Постановка проблемы в общем виде и ее связь с важными научными и практическими задачами. Создание оригинального исторического повествования о России в ситуации цензуры первой половины XIX века было весьма затруднительным. Литераторы избегали изображения актуальной культурно-политической жизни или изобретали скрытые художественные механизмы, позволяющие сказать больше, чем позволено. Роман «Черная женщина» (1834) является не только любопытным индикатором жанровых поисков русской словесности 1830-х гг., но и важным опытом Н.И. Греча - издателя, филолога, писателя - создания художественной концепции истории, благодаря которой повествование становится «многослойным».
Анализ последних исследований и публикаций, в которых рассматривались аспекты этой проблемы и на которых обосновывается автор; выделение неразрешенных раньше частей общей проблемы. Ввиду довольно скромного исследовательского интереса к творчеству Греча концепция истории в романе «Черная женщина» не становилась предметом научных штудий. Теоретико-методологическую базу нашего исследования составили работы А.К. Жолковского, А.Л. Зорина и Е.К. Никаноровой, с помощью которых мы реконструировали происхождение отдельных элементов сюжета «Черной женщины» и восстановили литературную репутацию Г.Р. Державина.
Формирование целей статьи (постановка задания). Целью исследования является реконструкция авторской концепции истории в романе «Черная женщина», выявление способов идеологической акцентовки в тексте и их анализ.
Изложение основного материала исследования с пол-
ным обоснованием полученных научных результатов. Роман Н.И. Греча «Черная женщина» (1834) охватывает несколько исторических эпох: основное действие разворачивается в периоды правления Павла I и Александра I (1796-октябрь 1817 гг.), однако присутствуют в тексте и экскурсы во времена царствования Петра I, Анны Иоанновны и Екатерины II. Каждый исторический ракурс связан с особым авторским решением. В данной статье мы рассмотрим стратегии работы с историческим материалом, позволившие «Черной женщине» стать одним из самых читаемых среди широкой публики произведений русской словесности 1830-х гг.

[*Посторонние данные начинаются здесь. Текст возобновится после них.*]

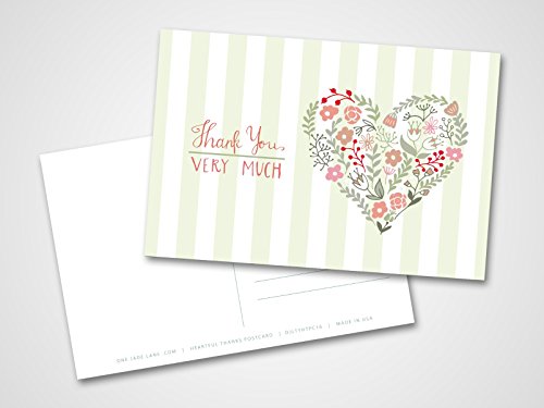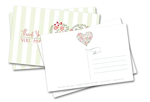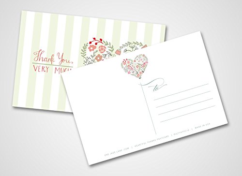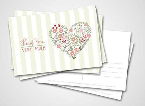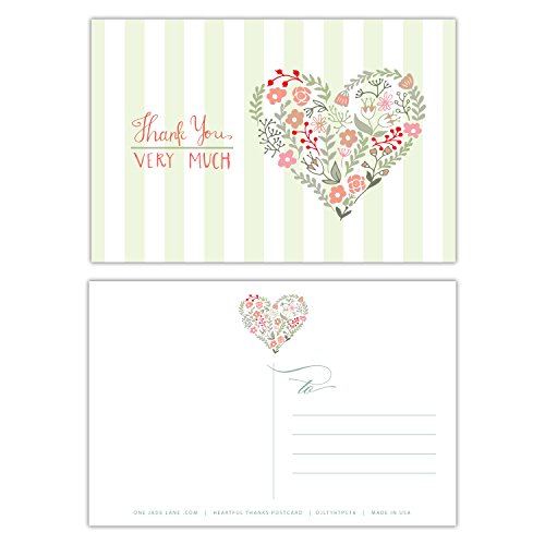 One Jade Lane - Heartful Thanks, Thank You cards POSTCARDS (Self-mailer) Postage Saver (Set 40 Cards).

Эпохи Петра I, Анны Иоанновны и Екатерины II вводятся в роман посредством героя-иностранца Алимари. Его происхождение весьма занимательно и несет дополнительный смысл: «Итак, вы видите, что я, хотя итали-янец по происхождению, католик по исповеданию, но славянин по матери и русский по месту рождения» [5, с. 120]. Первые дни жизни героя совпали с кончиной Петра I, который, однако, успел стать восприемником Алимари (заметим, что имя Алимари - Петр Антонович). История о неузнанном правителе в романе Греча связана с семьей героя. Летом 1717 года в Венеции «одетый проще других» иностранцев государь любопытствовал у Антонио (отца Алимари) об устройстве марлийской машины и других орудий. Узнавание царя отсрочено: сначала Петр посещает дом Антонио, где отечески целует в лоб его жену Елену и слушает рассказы о русском царе - «смышленом и умном человеке». Только в парижской квартире Петр наконец-то узнан: он «обнял их ласково и, не теряя времени, дал им письмо к Меншикову, велел выдать им паспорт и отпустить денег на дорогу. Чрез месяц были они в Петербурге» [5, с. 120].
30
Baltic Humanitarian Journal. 2017. Т. 6. № 3(20)
филологические науки
Давыдова Кристина Владимировна КОНЦЕПЦИЯ ИСТОРИИ В РОМАНЕ ...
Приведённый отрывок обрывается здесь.